▶ _REQUIRED ACTION_: Transcribe all of the data verbatim, please, and leave out its pictures.

▶ _SOURCE MATERIAL_:

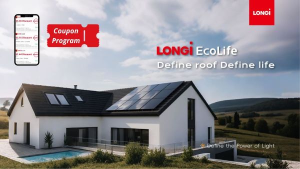 LONGi EcoLife X10 480M Single Glass Black, all-black solar panel with HPBC 2.0 technology.
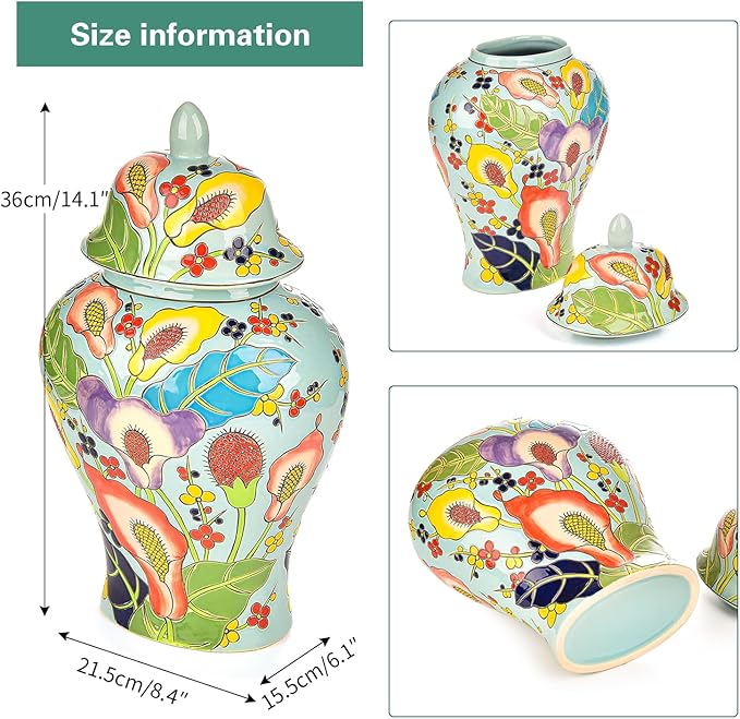 - Multi-functional: Beautiful glazed ceramic oriental jars with removable lids, it can be used as a storage jar, also as a vase for displaying artificial flowers and dry branches.
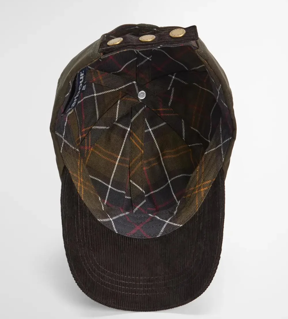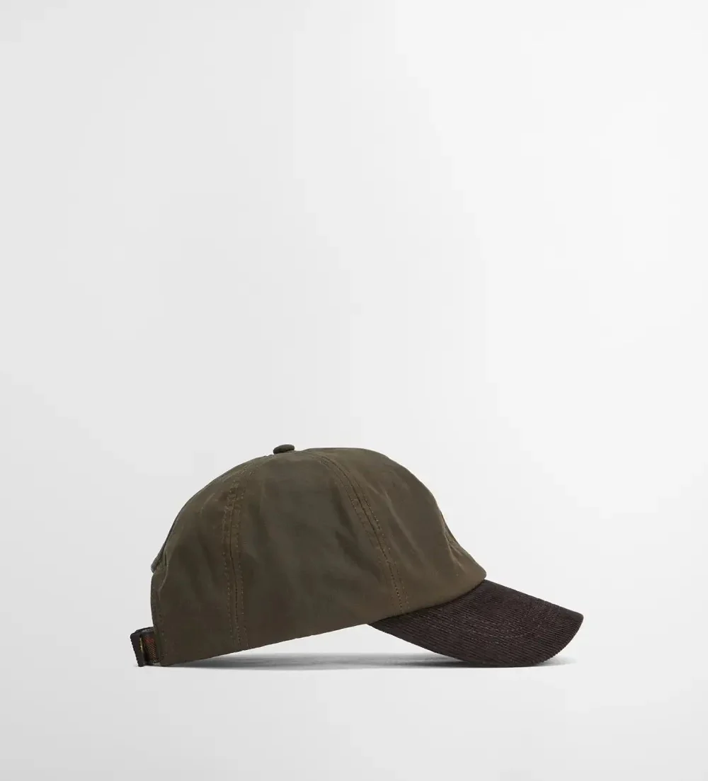 Cappellino uomo verde oliva in cotone cerato, ispirato ad una delle giacche cerate piรน iconiche, รจ lโaccessorio perfetto da abbinare ai capispalla della collezione. Realizzato con lo stesso tessuto di cotone cerato del capospalla originale e impreziosito da una visiera preformata in velluto a coste, questo modello rende omaggio al nostro heritage con un tocco di modernitร . Logo ricamato a sinistra, bottoni a pressione con logo sul cinturino sul retro.

▶ _SOLUTION_:
 LONGi EcoLife X10 480M Single Glass Black, all-black solar panel with HPBC 2.0 technology.
 - Multi-functional: Beautiful glazed ceramic oriental jars with removable lids, it can be used as a storage jar, also as a vase for displaying artificial flowers and dry branches.
 Cappellino uomo verde oliva in cotone cerato, ispirato ad una delle giacche cerate piรน iconiche, รจ lโaccessorio perfetto da abbinare ai capispalla della collezione. Realizzato con lo stesso tessuto di cotone cerato del capospalla originale e impreziosito da una visiera preformata in velluto a coste, questo modello rende omaggio al nostro heritage con un tocco di modernitร . Logo ricamato a sinistra, bottoni a pressione con logo sul cinturino sul retro.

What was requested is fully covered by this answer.